Sunday, March 21, 2004

Quid Pro Quack


Maureen Dowd - Antonin Scalia has devoted 21 pages to illuminating the impertinence of those who suggest that it is wrong for a Supreme Court justice to take favors from a friend with a case before the court.

Res ipsa loquitur, baby. Why should the justice who put Dick Cheney in the White House stop helping him now?

"Many justices have reached this court precisely because they were friends of the incumbent president or other senior officials," the justice sniffs.

That elite old boy network can really help in those dicey moments when you need to stop the wrong sort, like Al Gore, from getting ahead.

You don't stop ingratiating yourself with your powerful friends and accepting "social courtesies" from them just because you get on the court.
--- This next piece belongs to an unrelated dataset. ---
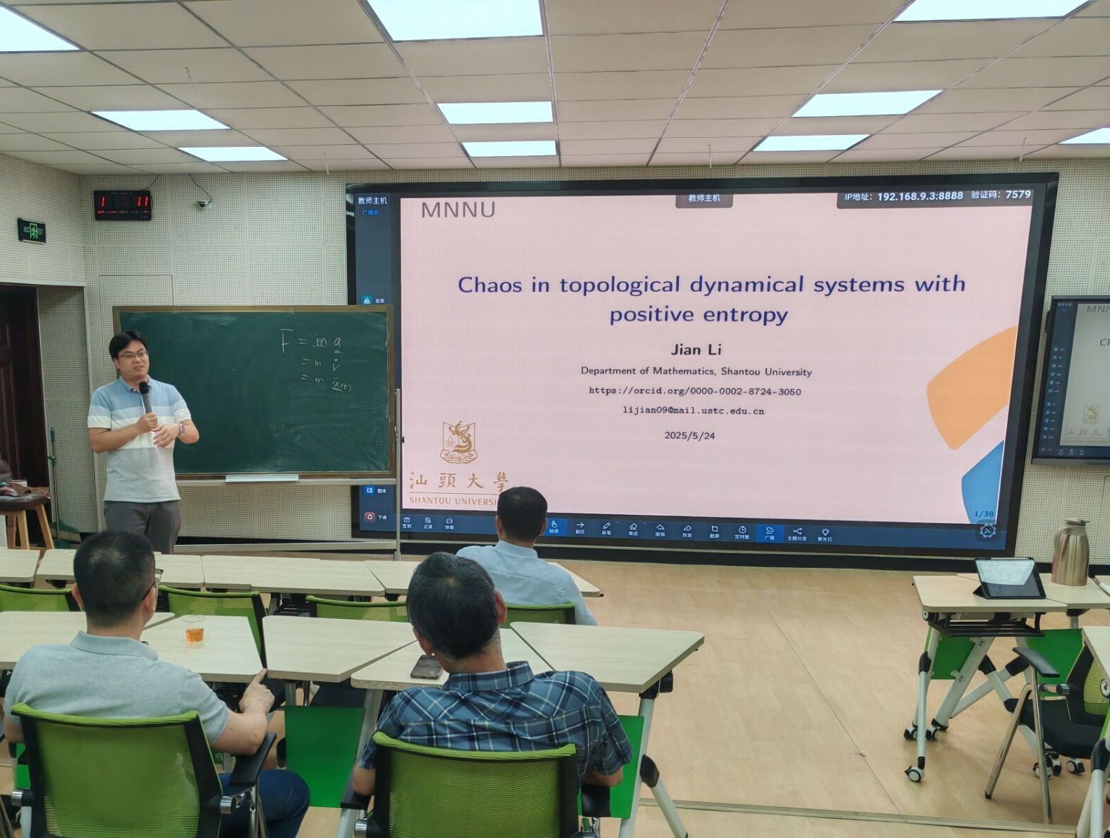 应我院邀请,5月24日下午,汕头大学数学科学学院李健教授在砺志楼131作了题为《Chaos in topological dynamical systems with positive entropy》的报告。学院相关方向的教师和研究生参加了此次讲座,讲座由唐忠宝老师主持。

Ingratitude is a terrible vice.

Anyway, what's the point of being in the ultimate insiders' club if you have to fly coach, eat at IHOP and follow silly rules on conflict of interest?

Justice Scalia proffers that while he accepted the vice president's offer of a ride on Air Force Two to Louisiana for a duck hunting trip, taking along his son and son-in-law, there was no quid pro quack. "I never hunted in the same blind as the vice president," he says. No need for justice to be blind when the blinds are just.

Not since Tony Soprano discovered ducks in his swimming pool have ducks revealed so much about the man.